Watch for — Failure to produce nocturnal flowers: Blooming occurs on mature stems (usually above 1 m). Requires warm temperatures and bright light year-round to trigger flowering.

What tree-like pilosocereus's hardiness rating actually means

Tree-Like Pilosocereus is not cold hardy. It is a tropical houseplant that dies if it is left out through frost — there is no zone where it overwinters outdoors in a UK or cold-US climate. Its RHS rating of H1b means: Sub-tropical — a normal warm home is fine, but it cannot go outside in a cool season. On the US scale that maps to USDA 10-12 (indoor-only in most US and UK homes) — the zones where it can be left outdoors year-round.

New to these scales? The USDA hardiness zone map explained covers how the zone numbers work, and you can find your own zone with the zone finder.

Minimum temperature — and what happens below it

Minimum survivable temperature is roughly about 10 °C (sustained cold below this is damaging). Tree-Like Pilosocereus has no frost tolerance at all — it is an indoor plant in any climate with a real winter.

Concretely, for tree-like pilosocereus as it gets too cold:

Can tree-like pilosocereus go outside or overwinter — and where?

Work back from your local frost dates with the frost-date calculator: the last spring frost and first autumn frost are what really decide when tree-like pilosocereus can be outside. US growers can check USDA zones; UK growers should use the RHS hardiness ratings, which match the H1b figure above.

Tree-Like Pilosocereus hardiness — frequently asked questions

Is tree-like pilosocereus cold hardy?

Tree-Like Pilosocereus is not cold hardy. It is a tropical houseplant that dies if it is left out through frost — there is no zone where it overwinters outdoors in a UK or cold-US climate. Indoor-only in almost every home. Tree-Like Pilosocereus can only live outside year-round in genuinely frost-free climates (roughly USDA 10-12 (indoor-only in most US and UK homes)); everywhere else it is a houseplant that summers out at most.

What is the minimum temperature tree-like pilosocereus can survive?

Minimum survivable temperature is roughly about 10 °C (sustained cold below this is damaging). Tree-Like Pilosocereus has no frost tolerance at all — it is an indoor plant in any climate with a real winter.

What hardiness zone is tree-like pilosocereus?

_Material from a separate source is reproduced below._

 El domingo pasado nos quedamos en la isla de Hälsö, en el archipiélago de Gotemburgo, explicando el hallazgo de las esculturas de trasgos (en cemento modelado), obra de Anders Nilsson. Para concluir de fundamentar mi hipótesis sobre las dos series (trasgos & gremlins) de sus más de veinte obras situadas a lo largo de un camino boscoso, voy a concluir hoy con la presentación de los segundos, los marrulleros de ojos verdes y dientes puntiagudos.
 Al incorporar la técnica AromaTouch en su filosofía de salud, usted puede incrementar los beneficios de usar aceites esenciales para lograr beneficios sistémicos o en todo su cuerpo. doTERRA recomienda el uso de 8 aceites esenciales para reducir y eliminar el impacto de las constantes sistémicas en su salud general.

Tree-Like Pilosocereus is rated USDA 10-12 (indoor-only in most US and UK homes) and RHS H1b — Sub-tropical — a normal warm home is fine, but it cannot go outside in a cool season.

Can tree-like pilosocereus survive winter outside?

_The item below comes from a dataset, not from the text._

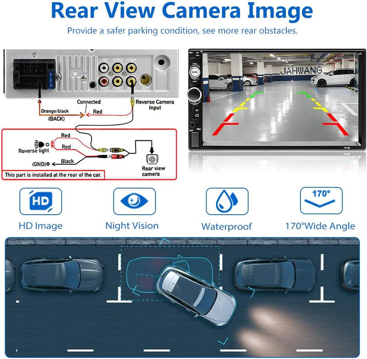 - ⭐【Rückfahrkamera & SWC】Das 2-DIN-Autoradio mit Bildschirm ist mit einer wasserdichten Rückfahrkamera ausgestattet, die das Rückwärtsfahren sicherer und bequemer macht! Auf diesem 7-Zoll-Touchscreen wird automatisch das umgekehrte Bild

It can holiday outdoors in summer once nights are reliably above 10 °C, in shade or dappled light, hardened off gradually. Bring it back indoors well before the first autumn frost — do not wait for a frost warning, move it when nights drop toward 10-12 °C. It will never overwinter outside in a temperate climate; the indoors is its winter home, full stop.

What happens to tree-like pilosocereus below its minimum temperature?

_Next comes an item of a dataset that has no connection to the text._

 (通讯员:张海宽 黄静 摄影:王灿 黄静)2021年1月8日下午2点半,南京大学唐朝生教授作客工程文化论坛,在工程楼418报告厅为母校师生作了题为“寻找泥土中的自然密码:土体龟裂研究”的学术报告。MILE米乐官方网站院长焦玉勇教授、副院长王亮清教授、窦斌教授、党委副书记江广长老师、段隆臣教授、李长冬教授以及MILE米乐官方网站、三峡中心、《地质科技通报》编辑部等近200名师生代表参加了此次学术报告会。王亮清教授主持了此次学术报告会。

Below about about 10 °C, growth stalls and the leaves start to show cold stress — dark, water-soaked, or yellowing patches. A single light frost blackens the foliage; a hard freeze kills the whole plant, roots included, and it does not recover. Even a cold, draughty windowsill or an unheated porch in winter can be enough to damage it permanently.